Studio album by Lights
- Released: June 11, 2020
- Recorded: 2020
- Genre: Synthwave
- Length: 38:35
- Label: self-released
- Producer: Lights

Lights chronology
| AM 444 (2020) | How to Sleep When You're on Fire (2020) | Dead End (2020) |

= How to Sleep When You're on Fire =

How to Sleep When You're on Fire is an EP by Canadian singer-songwriter Lights. It was released on June 11, 2020 on Bandcamp. All proceeds of this album will go to Black Lives Matter Vancouver. Lights stated: "I made a night-time instrumental synthwave album over the last few weeks of sleeplessness. Loads of chill vibes.
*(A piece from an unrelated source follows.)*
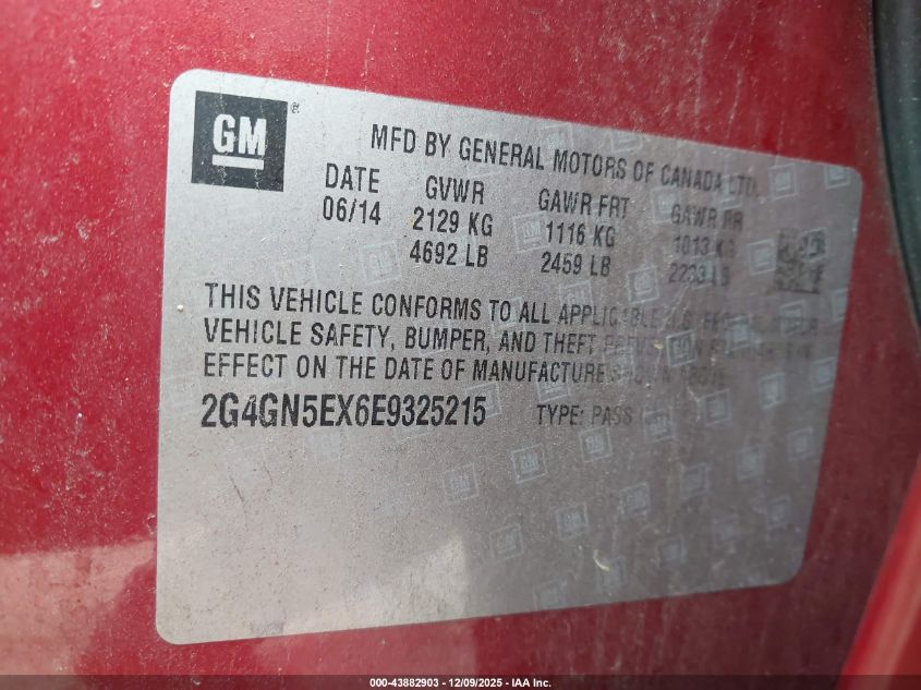 2014 BUICK REGAL 2014 року Бензин, 2.0, Передній привід, vin - 2G4GN5EX6E9325215 з США

Kind of like an island cave, but with an arcade in it".

==Reception==
The Peak described the EP as "a vibey, instrumental space jam", while Blunt Magazine called it "synthwave for the soul".

==Track listing==

| No. | Title | Length |
|---|---|---|
| 1. | "ChainLink" | 5:11 |
| 2. | "ExoSkeleton" | 5:20 |
| 3. | "SadBoy" | 4:42 |
| 4. | "DarkMode" | 6:26 |
| 5. | "GreenTxt" | 5:02 |
| 6. | "Softeeth" | 4:15 |
| 7. | "PalmTrees" | 7:36 |
| Total length: |  | 38:35 |

==Personnel==
All tracks are produced, mixed and mastered by Lights.